Task description = Print, exactly as they stand, the lines below from the one that has "In the input" to the one that has "- Cracco, musetto", inclusive, leaving out the pictures.

Stored data =
....................
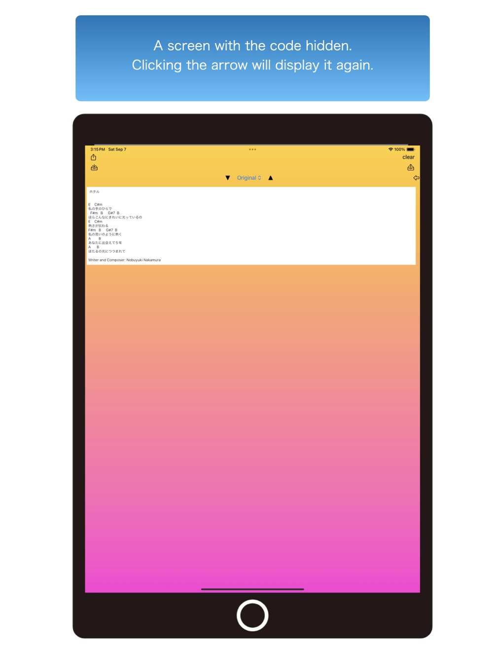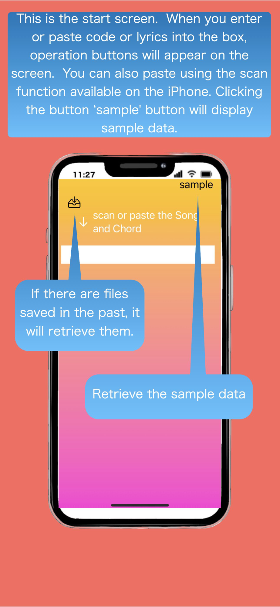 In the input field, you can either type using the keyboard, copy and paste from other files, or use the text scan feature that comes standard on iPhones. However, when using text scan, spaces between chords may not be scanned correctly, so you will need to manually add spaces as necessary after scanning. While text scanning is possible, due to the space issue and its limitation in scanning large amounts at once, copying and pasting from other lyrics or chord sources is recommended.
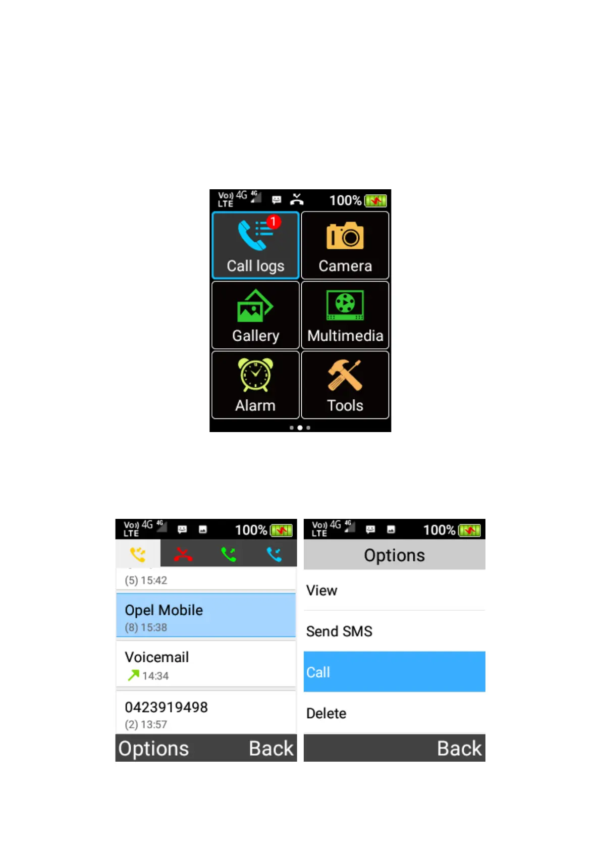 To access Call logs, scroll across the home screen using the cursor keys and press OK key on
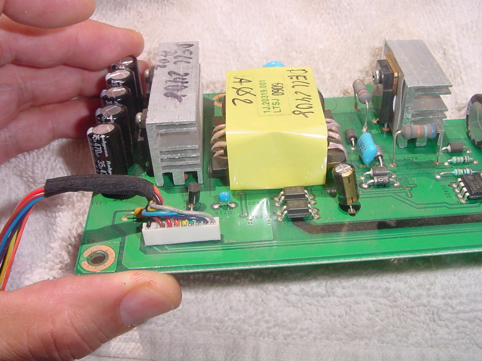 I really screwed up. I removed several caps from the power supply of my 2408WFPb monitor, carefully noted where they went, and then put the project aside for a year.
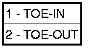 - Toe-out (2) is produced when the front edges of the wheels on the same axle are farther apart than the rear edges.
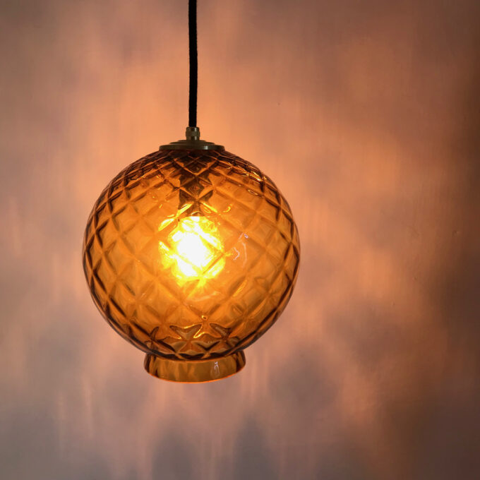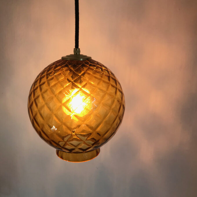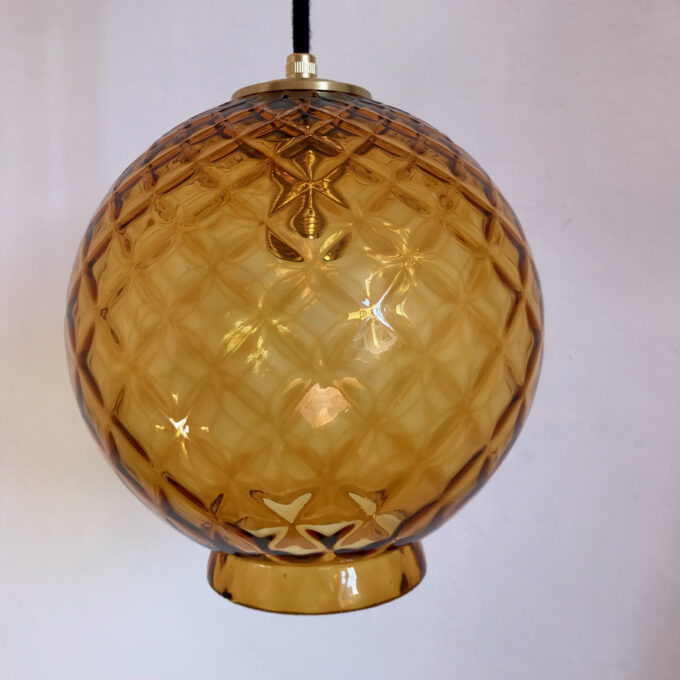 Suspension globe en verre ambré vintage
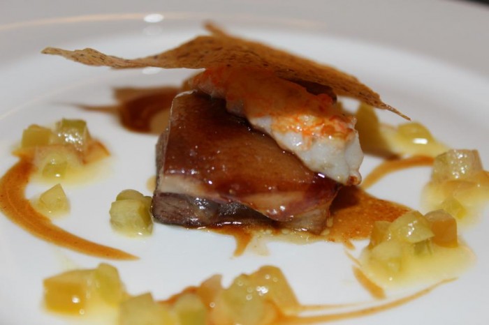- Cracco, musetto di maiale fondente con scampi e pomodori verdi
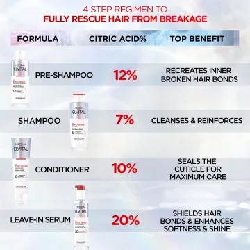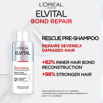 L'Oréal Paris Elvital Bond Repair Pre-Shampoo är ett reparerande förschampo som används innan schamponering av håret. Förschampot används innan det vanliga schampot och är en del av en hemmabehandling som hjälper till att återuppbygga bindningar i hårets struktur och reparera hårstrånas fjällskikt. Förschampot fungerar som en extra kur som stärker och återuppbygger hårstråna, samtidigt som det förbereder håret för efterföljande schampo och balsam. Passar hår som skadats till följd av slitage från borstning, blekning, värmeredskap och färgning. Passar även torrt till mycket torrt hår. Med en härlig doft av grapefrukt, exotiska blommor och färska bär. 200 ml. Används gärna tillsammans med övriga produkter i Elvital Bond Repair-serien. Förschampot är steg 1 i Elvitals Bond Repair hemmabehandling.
....................
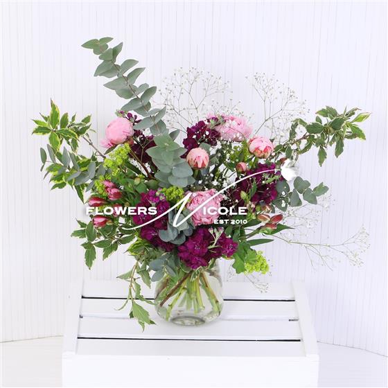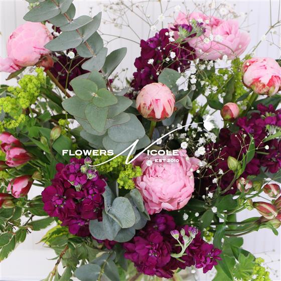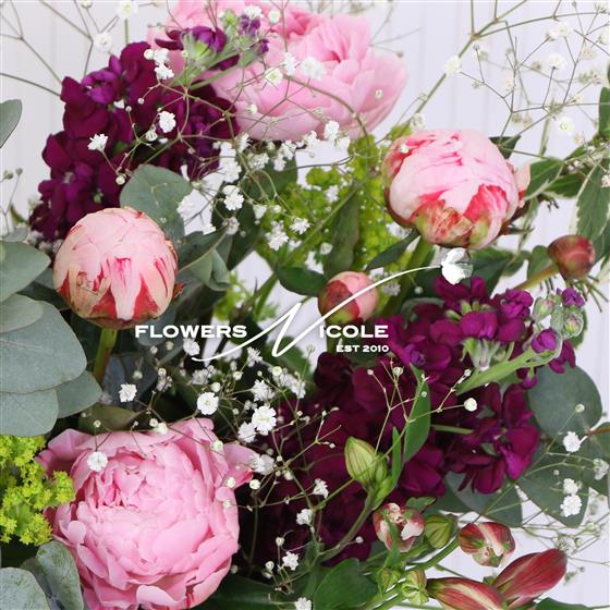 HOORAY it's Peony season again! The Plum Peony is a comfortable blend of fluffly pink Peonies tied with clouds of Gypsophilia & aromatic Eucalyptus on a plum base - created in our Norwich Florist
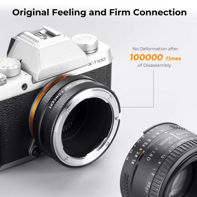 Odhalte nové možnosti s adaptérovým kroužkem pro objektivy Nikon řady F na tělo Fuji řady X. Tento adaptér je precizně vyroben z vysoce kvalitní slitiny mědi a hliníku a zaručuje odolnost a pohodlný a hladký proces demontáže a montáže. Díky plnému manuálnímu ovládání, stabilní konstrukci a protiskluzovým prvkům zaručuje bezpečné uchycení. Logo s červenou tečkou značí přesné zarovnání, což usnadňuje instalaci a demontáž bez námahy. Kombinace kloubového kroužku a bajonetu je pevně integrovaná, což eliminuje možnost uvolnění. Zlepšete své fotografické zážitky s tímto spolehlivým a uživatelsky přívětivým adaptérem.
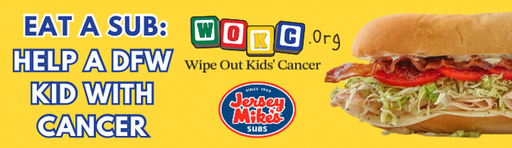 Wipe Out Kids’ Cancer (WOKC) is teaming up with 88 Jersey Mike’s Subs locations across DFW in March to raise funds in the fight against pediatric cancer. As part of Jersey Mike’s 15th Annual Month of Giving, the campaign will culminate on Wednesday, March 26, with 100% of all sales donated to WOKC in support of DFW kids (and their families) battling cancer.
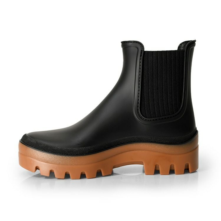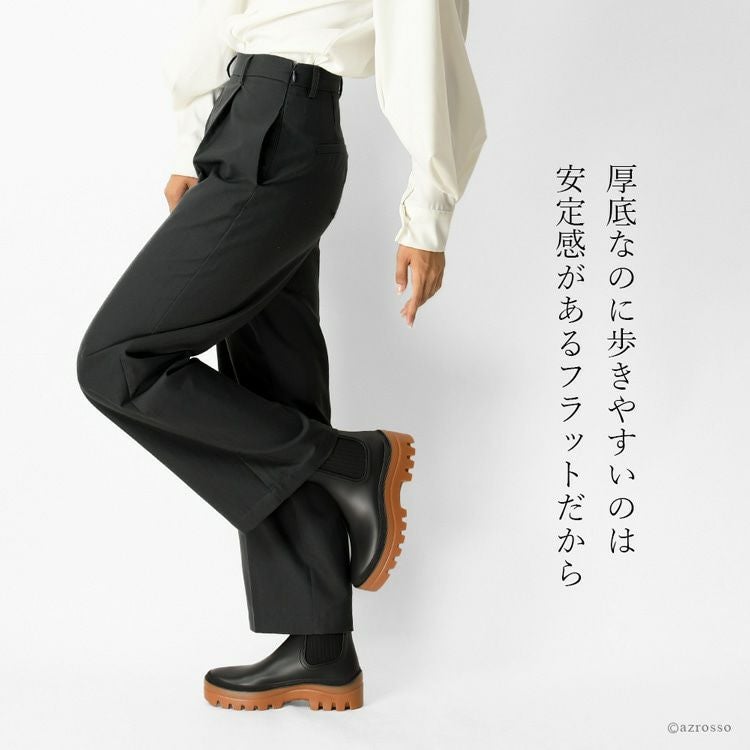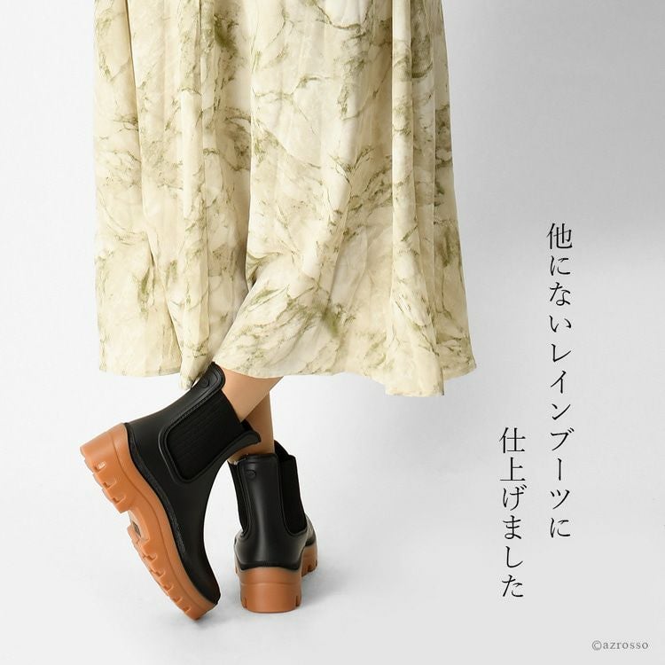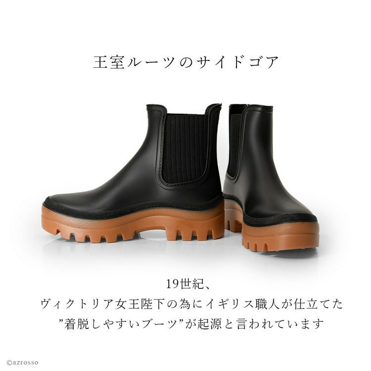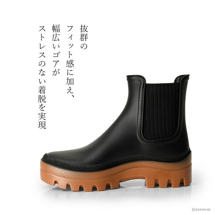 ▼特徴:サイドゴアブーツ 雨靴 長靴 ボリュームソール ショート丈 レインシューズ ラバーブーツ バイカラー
....................
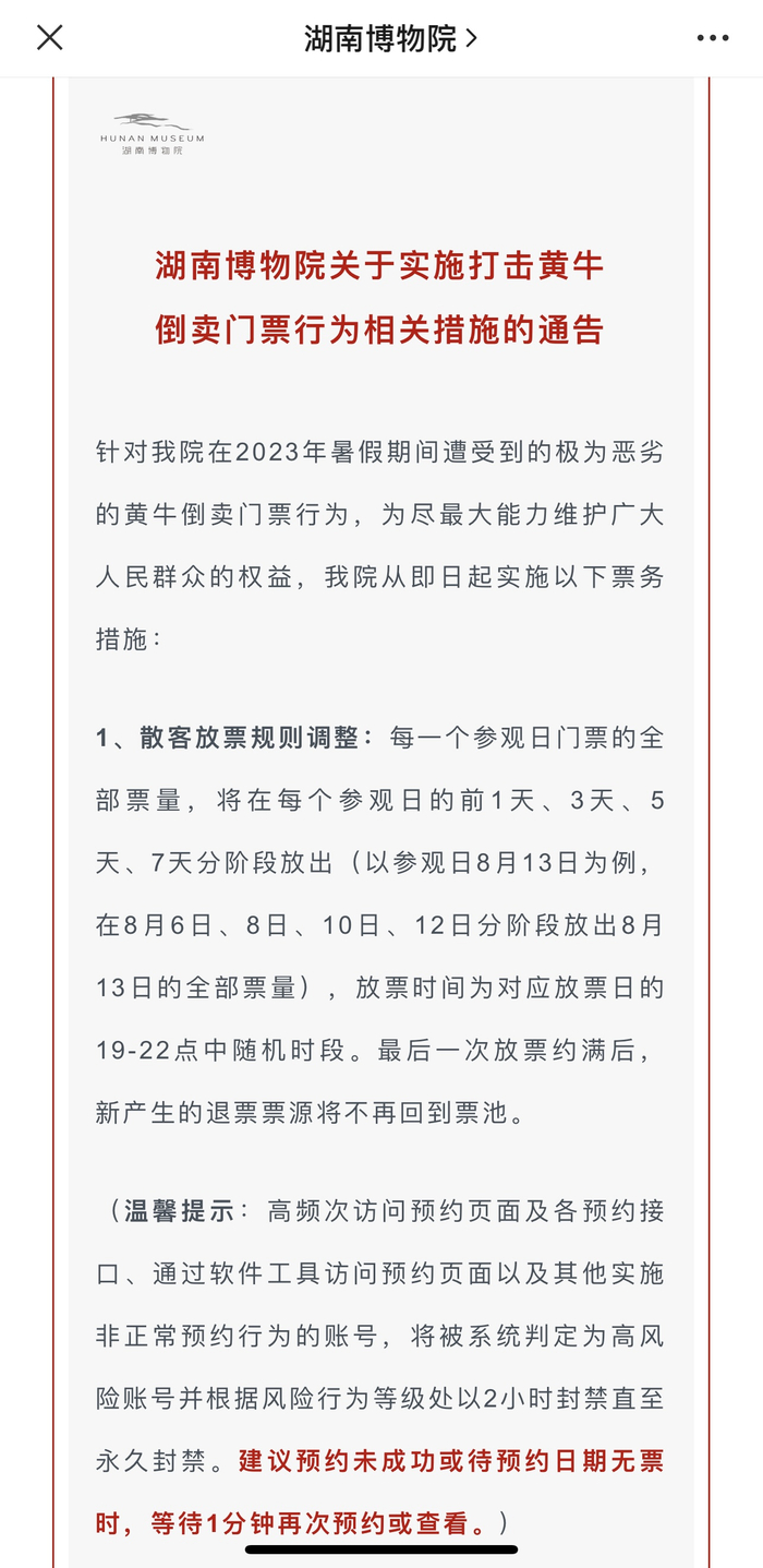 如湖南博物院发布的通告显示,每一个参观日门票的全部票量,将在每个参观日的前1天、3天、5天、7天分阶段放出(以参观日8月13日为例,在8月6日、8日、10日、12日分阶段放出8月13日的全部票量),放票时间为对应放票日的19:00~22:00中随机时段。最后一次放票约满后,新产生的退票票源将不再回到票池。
....................
Result =
 In the input field, you can either type using the keyboard, copy and paste from other files, or use the text scan feature that comes standard on iPhones. However, when using text scan, spaces between chords may not be scanned correctly, so you will need to manually add spaces as necessary after scanning. While text scanning is possible, due to the space issue and its limitation in scanning large amounts at once, copying and pasting from other lyrics or chord sources is recommended.
 To access Call logs, scroll across the home screen using the cursor keys and press OK key on
 I really screwed up. I removed several caps from the power supply of my 2408WFPb monitor, carefully noted where they went, and then put the project aside for a year.
 - Toe-out (2) is produced when the front edges of the wheels on the same axle are farther apart than the rear edges.
 Suspension globe en verre ambré vintage
- Cracco, musetto di maiale fondente con scampi e pomodori verdi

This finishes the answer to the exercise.